Exclude the pictures. Transcribe, exactly as written, the lines from the one with "부산 북구 소방학교 부근에서" through the end of the entries below.
(Extracted data begins)
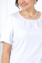 7402 Комплект брючный Комплект брючный 3-х предметный, состоящий из жакета и брюк, выполненных из ткани лен-вишер, и джемпера, выполненного из трикотажного полотна. Жакет прямого силуэта, с центральной бортовой застежкой с отрезными планками на 7 петель и 7 пуговиц, со стояче-отложным воротником с отрезной стойкой. Длина изделия по середине спинки 73 см от шва втачивания воротника в горловину. Перед с нагрудными вытачками, выходящими из пройм. В нижней части переда настрочены накладные карманы, с имитацией бантовой складки посередине кармана и клапаны, застегивающиеся на 1 петлю и 1 пуговицу. По спинке и частично по переду настрочена кулиса, в которую втянут шнур. Для регулировки сборки по кулисе на шнур продеты фиксаторы, концы шнура оформлены наконечниками. Рукава втачные, одношовные, с притачными манжетами, застегивающимися на 1 петлю и 1 пуговицу, с разрезами в нижних швах рукавов, с настрочными патами, застегивающимися на 1 петлю и 1 пуговицу. Длина рукава с манжетой 62 см. Длина рукава может регулироваться с помощью паты. Жакет с плечевыми накладками. Брюки с посадкой на талии, зауженные к низу, на притачном поясе с резинкой вдоль всего пояса. На передних половинках брюк расположены наклонные боковые карманы. Джемпер полуприлегающего силуэта, длиной по середине спинки 63 см. Перед с нагрудными вытачками, выходящими из пройм. Из горловины вниз застрочены 4 складки. Горловина переда и спинки округлой формы, по переду углубленная. Срезы горловин окантованы косой бейкой. Рукава втачные, одношовные. Длина рукава 26 см.
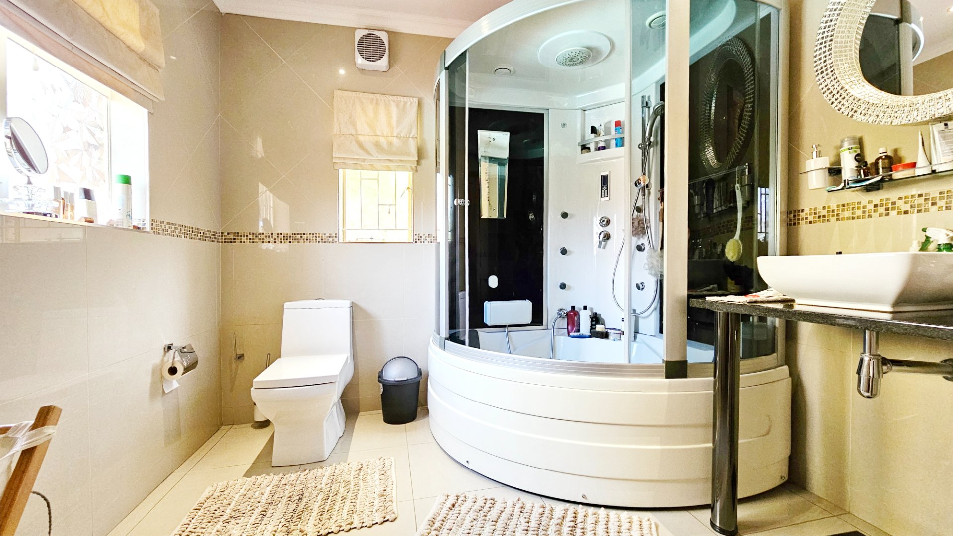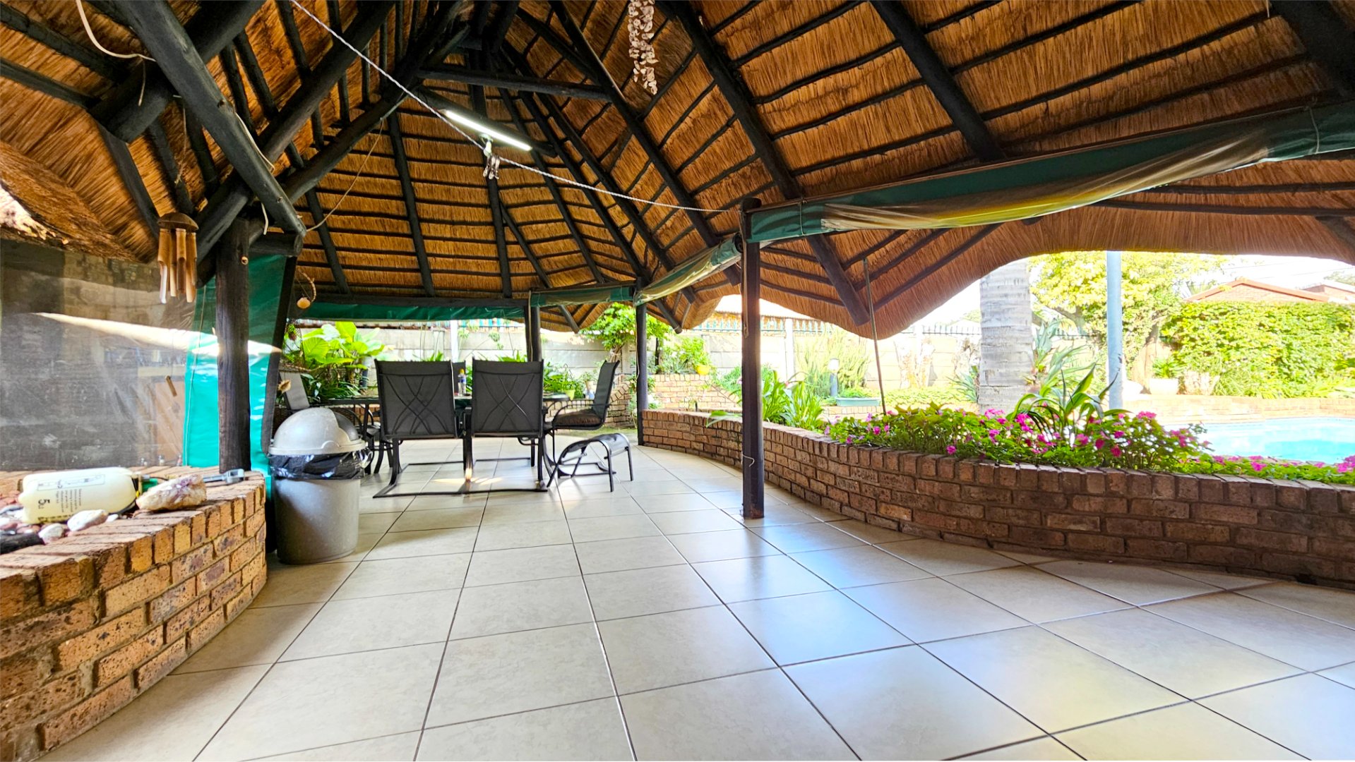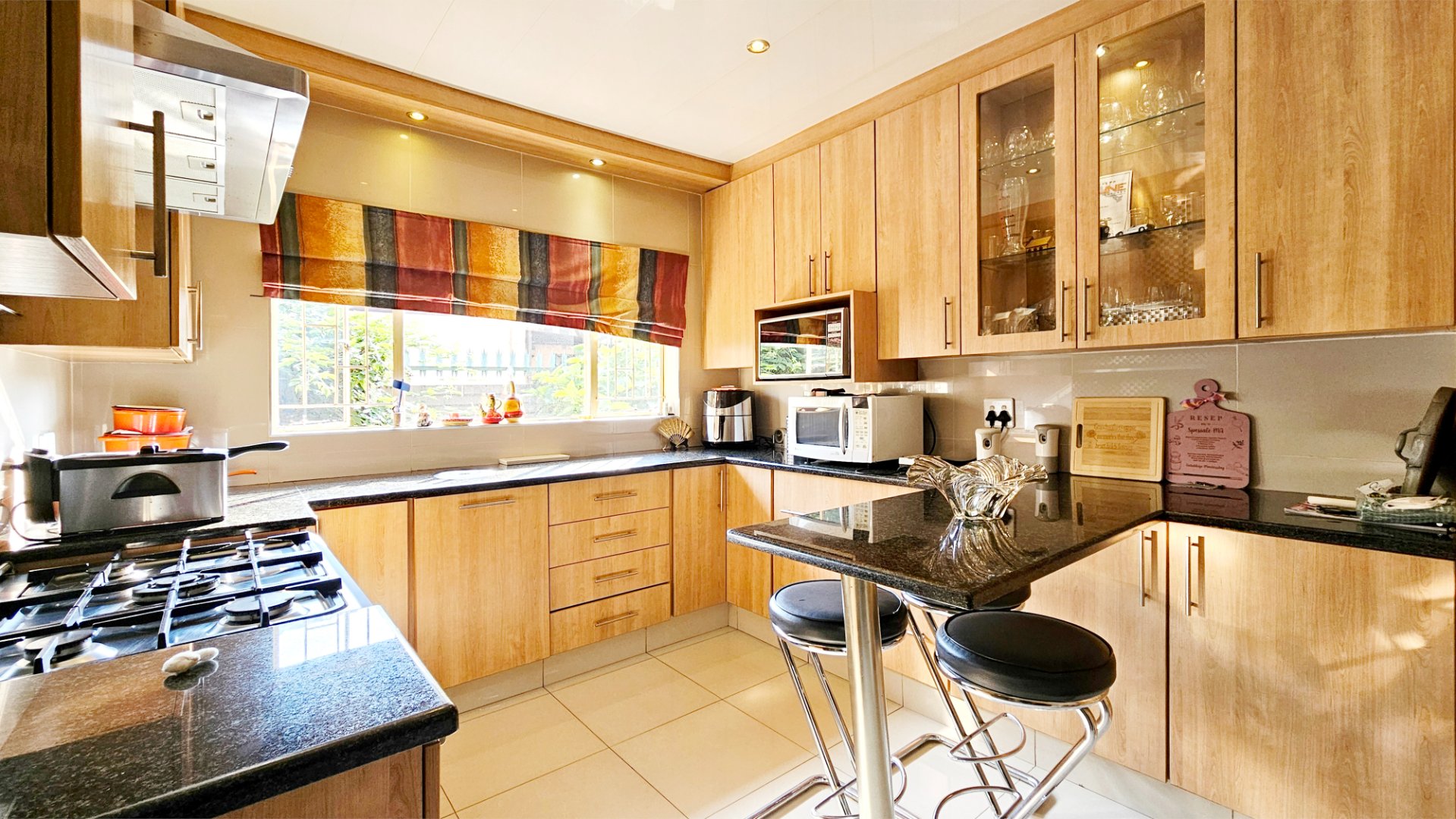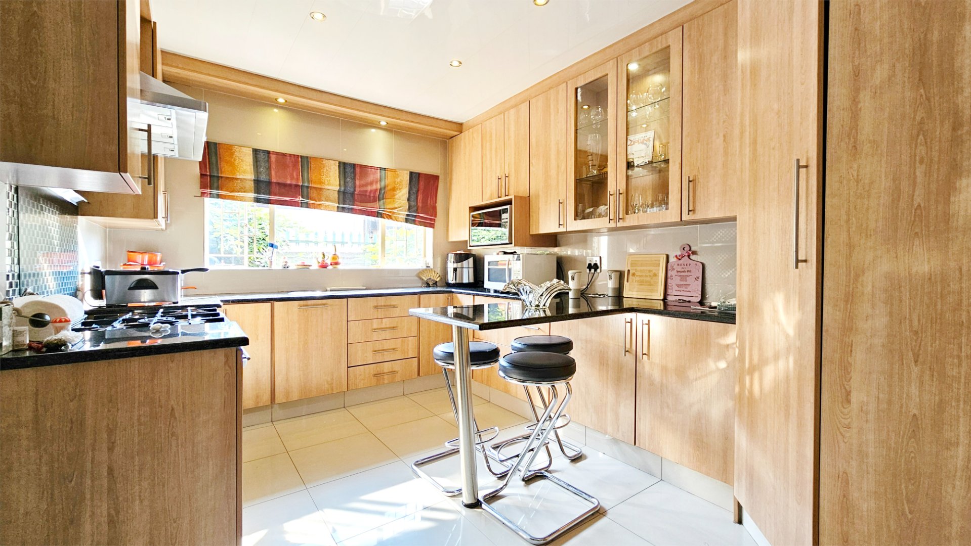 The property offers a solar powered automated gate, double automated garage, CCTV cameras and gas geysers.
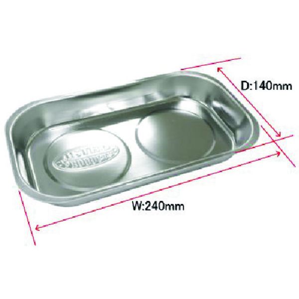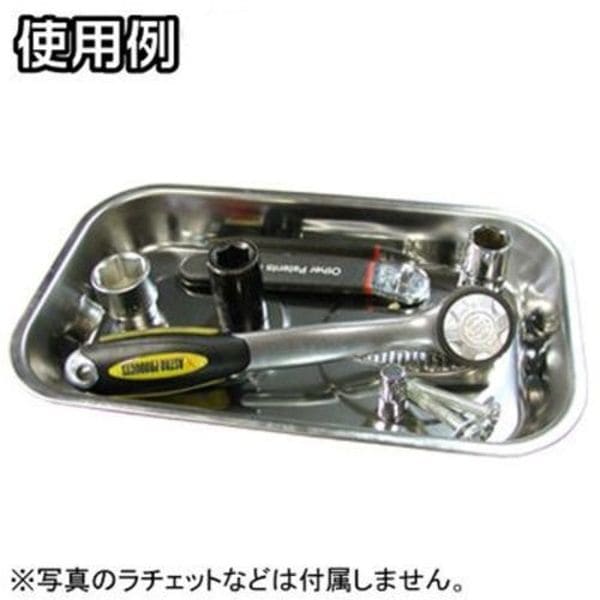・取り外したボルトナットやパーツなどが、紛失しないように、強力なマグネットで、しっかりと保持することができるトレーです。・鉄製の平面であれば、どこでも取り付けることができ、マグネットにはゴム製のカバーが付いてるので、取り付け面に傷を付けにくくなっています。・ボルトナットやパーツの一時保管用・幅(mm):240・奥行(mm):140・高さ(mm):40・本体サイズ:W240×D135×H40mm・重量:600g・内寸:W225×D120×H20mm・マグネット数:2(保護カバー付き)・ステンレス・※本製品は、取り外した鉄製の部品をトレーに保持し、紛失を防ぐために使用しまするので、その他の用途では、使用しないでください。・※マグネットには、砂鉄や鉄粉、金属片などが付着するので、必ず清掃してから使用してください。・※凹凸や湾曲した場所には、取り付けないでください。・※天井や作業上障害となる場所に、本製品を取り付けないでください。・※磁気の影響を受けやすい物の側で、使用しないでください。・生産国 中国・JANコード 2002000013514・質量 600g・コード:215-1277 ・品目:2002000013514
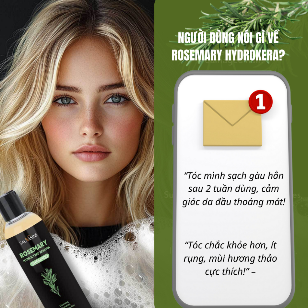 Dầu Gội Hương Thảo ROSEMARY HYDROKERA dành cho tóc khô xơ Sạch Sâu Gàu, Phục Hồi Nang Tóc- 200ml
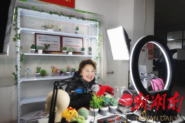 为不辜负员工们的信任,肖跃莲主动出击,寻找客户,寻找网络营销等商机,通过线上直播卖货拓展销售渠道,积极开展产业转型。在蒸湘区政府的资助下,腾跃工艺厂开展了系列线上直播、美工设计、文案制作、网络营销等培训,带领大家一起通过线上平台开拓新的市场。
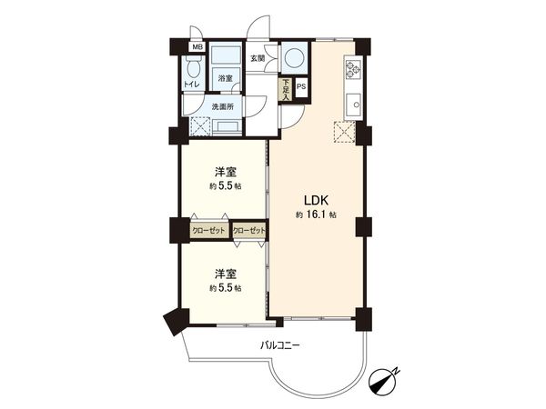 2LDK / 61.48㎡ / 2000年09月築 / 5階
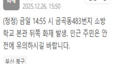 부산 북구 소방학교 부근에서 화재가 발생했다. 부산 북구청은 26일 오후 3시 50분께 "금일 오후 2시 55분께 금곡동 48- 2025-12-26 15:41
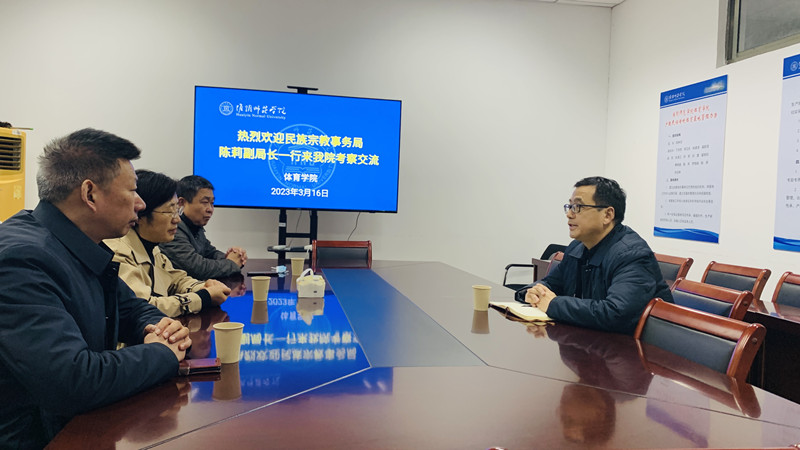 3月18日,淮安市民族宗教事务局陈莉副局长,民族处崔振友处长和陈新奇处长一行受邀来我院调研考察交流,AB.COM院长蔺新茂教授、教师教练员代表张清江副教授在AB.COM会议室和来宾并进行了座谈。
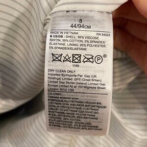 Banana Republic suit jacket featuring a notched collar, single-breasted button closure, flap pockets (still sewn up but easily opened), button cuffs, pinstripe lining, and a midweight viscose/cotton fabrication enhanced with stretch for added comfort. Muted olive green shade--perfect for fall!
(Extracted data ends)
* **Answer section**:
 부산 북구 소방학교 부근에서 화재가 발생했다. 부산 북구청은 26일 오후 3시 50분께 "금일 오후 2시 55분께 금곡동 48- 2025-12-26 15:41
 3月18日,淮安市民族宗教事务局陈莉副局长,民族处崔振友处长和陈新奇处长一行受邀来我院调研考察交流,AB.COM院长蔺新茂教授、教师教练员代表张清江副教授在AB.COM会议室和来宾并进行了座谈。
 Banana Republic suit jacket featuring a notched collar, single-breasted button closure, flap pockets (still sewn up but easily opened), button cuffs, pinstripe lining, and a midweight viscose/cotton fabrication enhanced with stretch for added comfort. Muted olive green shade--perfect for fall!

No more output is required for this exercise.